What is being asked: From the line containing "Il est très" down to the last line of the listing, quote everything word for word, and nothing else, keeping pictures out.

Data below:
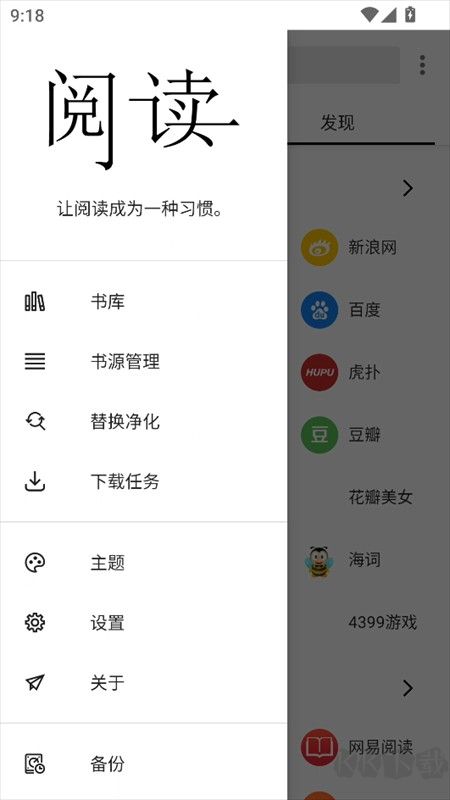 1、进入软件,我们点击左上角的三横杠,然后便可以进入到相应的功能界面,在这里汇聚了书库、书源管理等一系列功能板块。
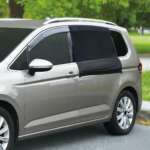 窓枠に被せてメッシュガード下端に内蔵したマグネットをドアの金属部分に留めるだけで装着可能。車体とマグネットの隙間ができず、細かい網目が虫の侵入をシャットアウト。フロントドア用、リアドア用、スライドドア用の3種類が用意されている。
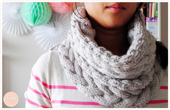 Il est très beau ton snood ! J’aime beaucoup la grande torsade du milieu !
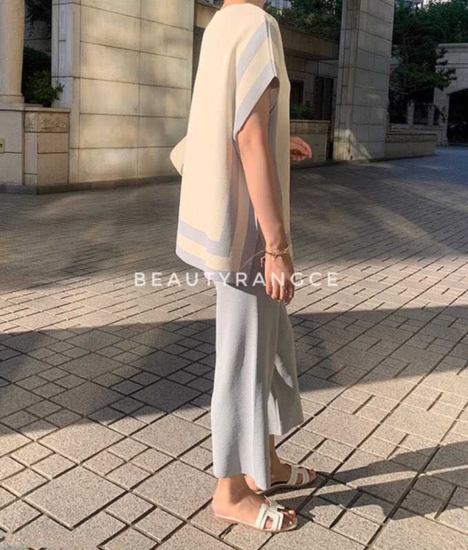 ◎【送料無料】2021新作 カットソー パンツ 2点 セットアップ ワイドパンツ トレンド カジュアル 大人可愛い 上品

Solution for this task:
 Il est très beau ton snood ! J’aime beaucoup la grande torsade du milieu !
 ◎【送料無料】2021新作 カットソー パンツ 2点 セットアップ ワイドパンツ トレンド カジュアル 大人可愛い 上品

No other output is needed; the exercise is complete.